START Records for the exercise
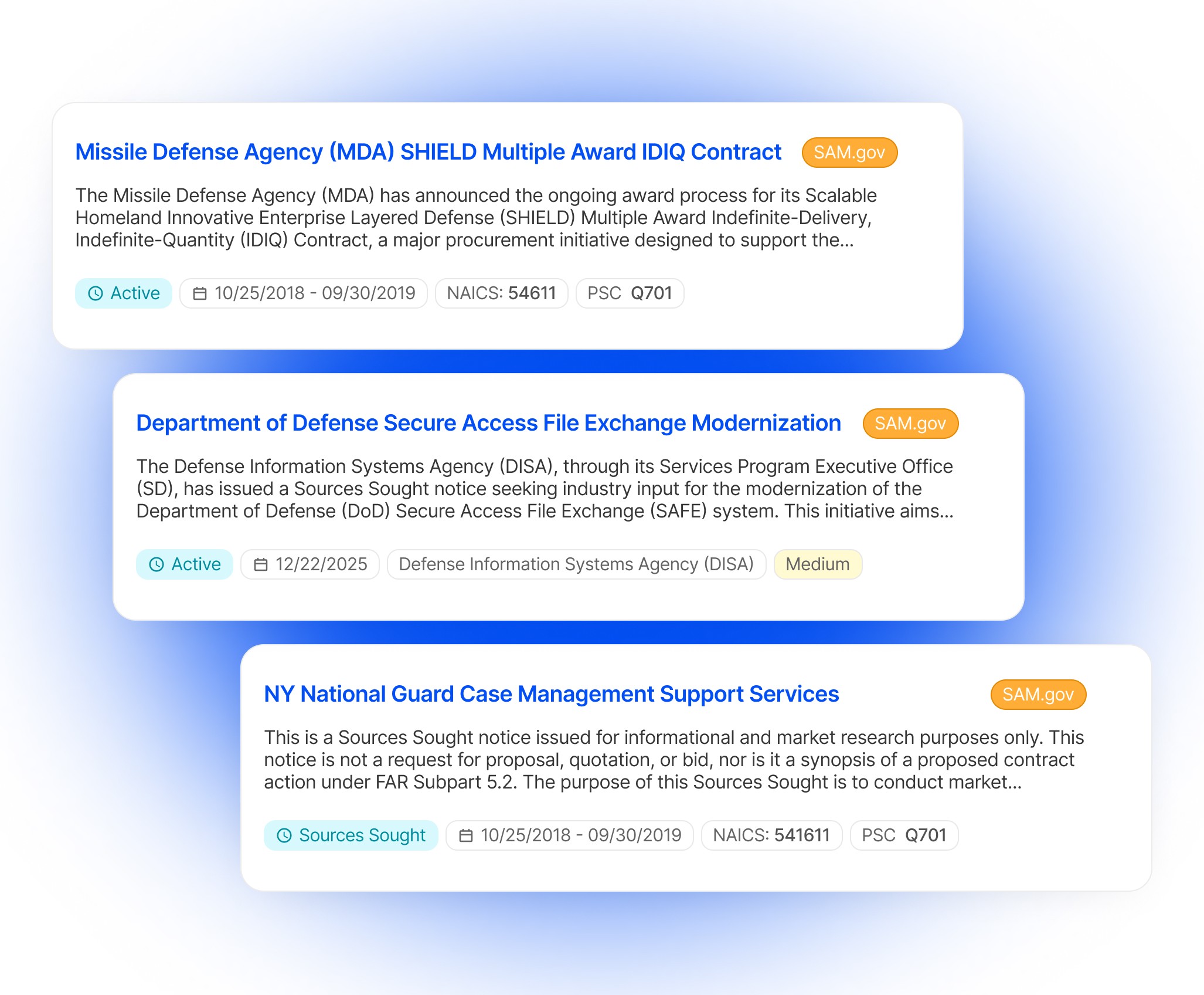 Every opportunity is automatically tracked, qualified, and organized. Never miss a recompete or lose track of a potential contract across the defense and intelligence sectors.
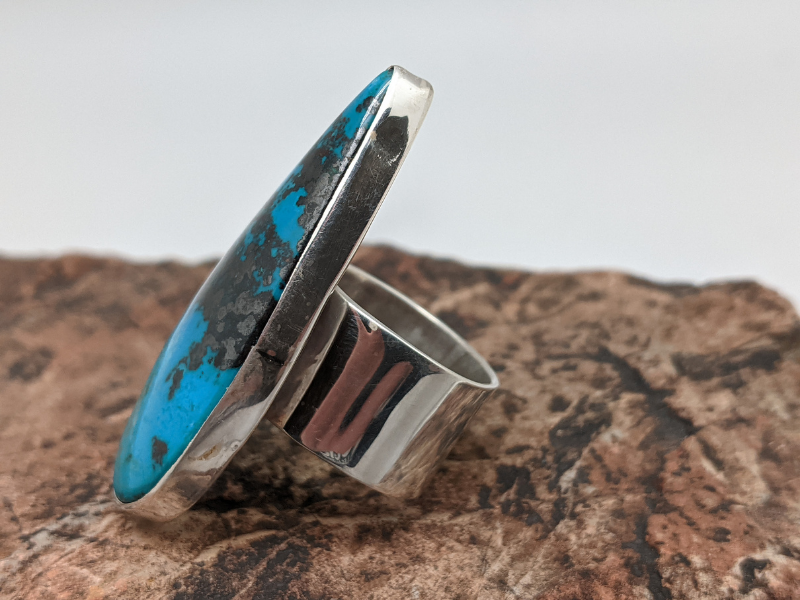 Tear drop shaped Chrysocolla that comes from the Congo is mounted on a wide sterling silver cigar band. The color is superb! The width of the band is approximately 1/2" wide. The length is 1 3/4" and 5/8" at the widest part. Size 7.5
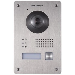 Stacja dwuprzewodowa 1080P, kamera z efektem rybiego oka, IP65, Metal odporny na wandalizm, suplement IR umożliwiający przekaz video z niedoświetlonego miejsca, Stacja wewnętrzna do wywoływania jednym przyciskiem, Interfejs dwuprzewodowy, sterowanie blokadą, RS-485. Zasilanie z DS-KAD709.
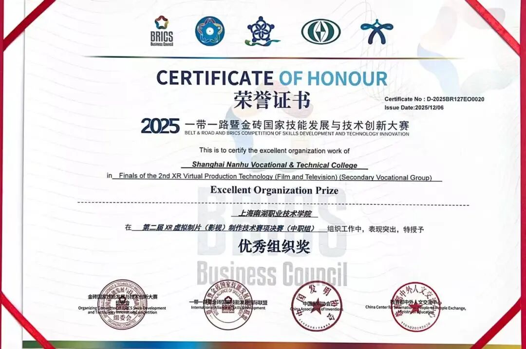 近日,2025年“一带一路暨金砖国家技能发展与技术创新大赛”系列赛项全国总决赛圆满落幕。上海南湖职业技术学院数字创意系表现亮眼,选派代表队分别征战首届AI辅助数字角色创新设计赛项与第二届XR虚拟制片(影视)制作技术赛项,历经多轮激烈角逐,最终在两大前沿赛项中均取得重要奖项,充分展现了学校在数字创意领域卓越的人才培养质量与教学实践成果。
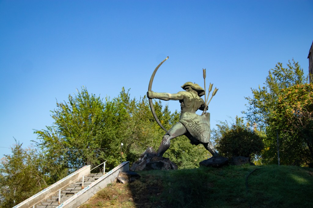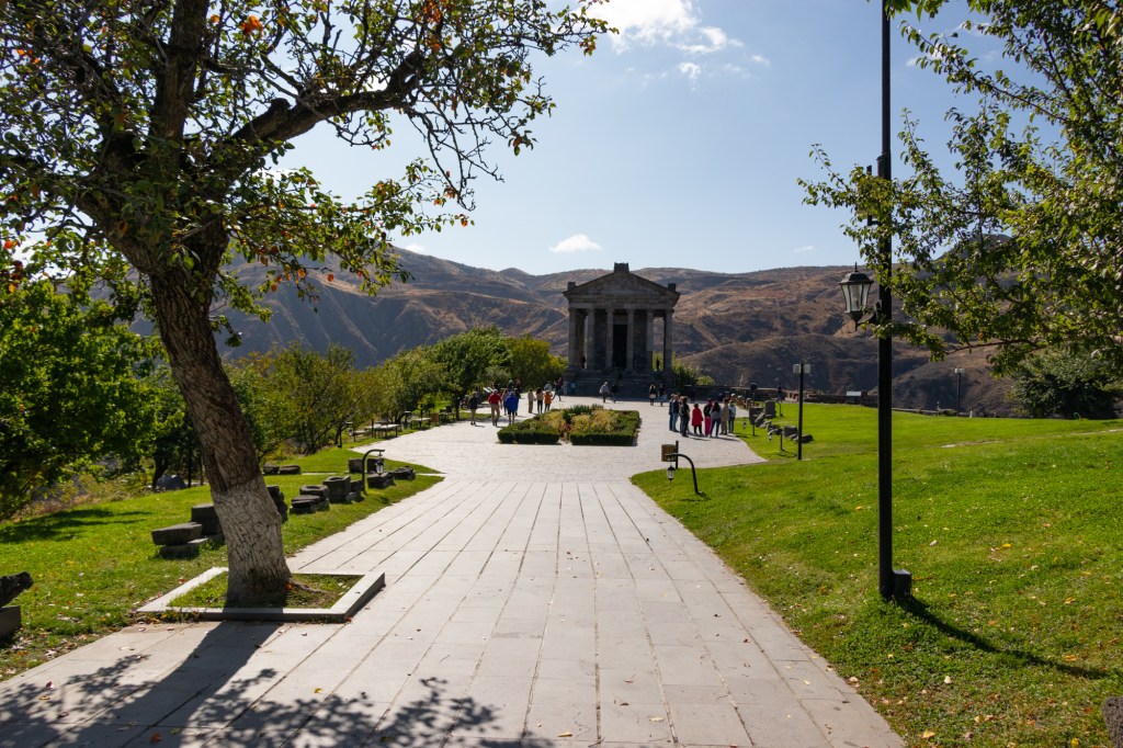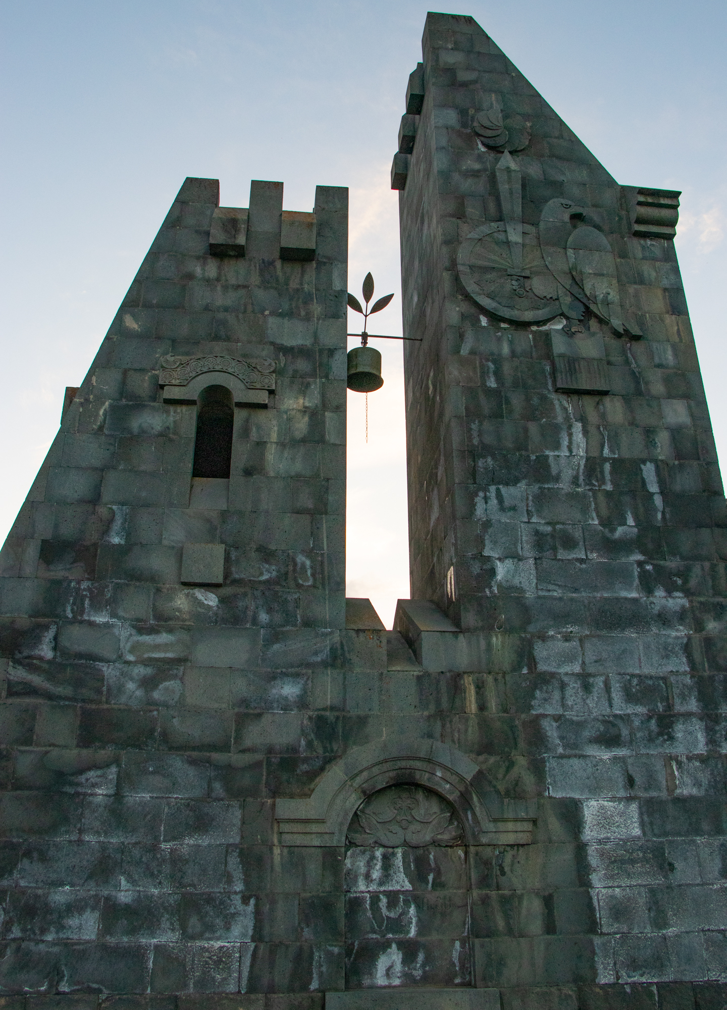 Alle 9.15 arriva Davit e partiamo, in una splendida giornata di sole, diretti a Garni e Geghard. Una breve pausa panoramica al Charent’s Arc per ammirare, per la prima volta integralmente, lo splendido il Monte Ararat, parte della cultura Cristiana ed Armena, ma fagocitato dalla nazione turca che rinnega il 1915 sognando velatamente di continuarne l’opera creando una unica nazione dai Dardanelli al mar Caspio.
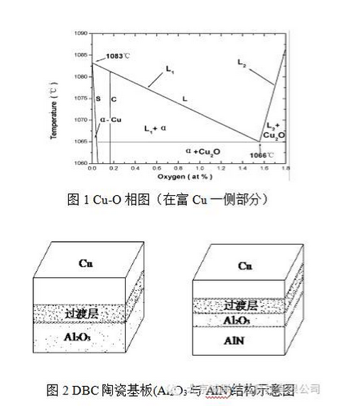 所谓的DBC技术,是指在在含氧的氮气中以1063℃左右的高温加热,氧化铝或氮化铝陶瓷表面直接焊接上一层铜箔。其基本原理是:利用了铜与氧在烧结时形成的铜氧共晶液相(图1),润湿相互接触的两个材料表面,即铜箔表面和陶瓷表面,同时还与氧化铝反应生成CuAlO2、Cu(AlO2)2等复合氧化物,充当共晶钎焊用的焊料,实现铜箔与陶瓷的牢固结合[]。但由于氮化铝是一种非氧化物陶瓷,敷接铜箔的关键是使其表面形成氧化物过渡层,然后通过上述过渡层与Cu箔敷合实现AlN与Cu箔的敷合[]。其结构大致相同,如图2所示。
END Records for the exercise
All that is needed is an exact copy of the lines from the top of the entries through the line containing "Stacja dwuprzewodowa 1080P, kamera", pictures left out.

**Response area**
 Every opportunity is automatically tracked, qualified, and organized. Never miss a recompete or lose track of a potential contract across the defense and intelligence sectors.
 Tear drop shaped Chrysocolla that comes from the Congo is mounted on a wide sterling silver cigar band. The color is superb! The width of the band is approximately 1/2" wide. The length is 1 3/4" and 5/8" at the widest part. Size 7.5
 Stacja dwuprzewodowa 1080P, kamera z efektem rybiego oka, IP65, Metal odporny na wandalizm, suplement IR umożliwiający przekaz video z niedoświetlonego miejsca, Stacja wewnętrzna do wywoływania jednym przyciskiem, Interfejs dwuprzewodowy, sterowanie blokadą, RS-485. Zasilanie z DS-KAD709.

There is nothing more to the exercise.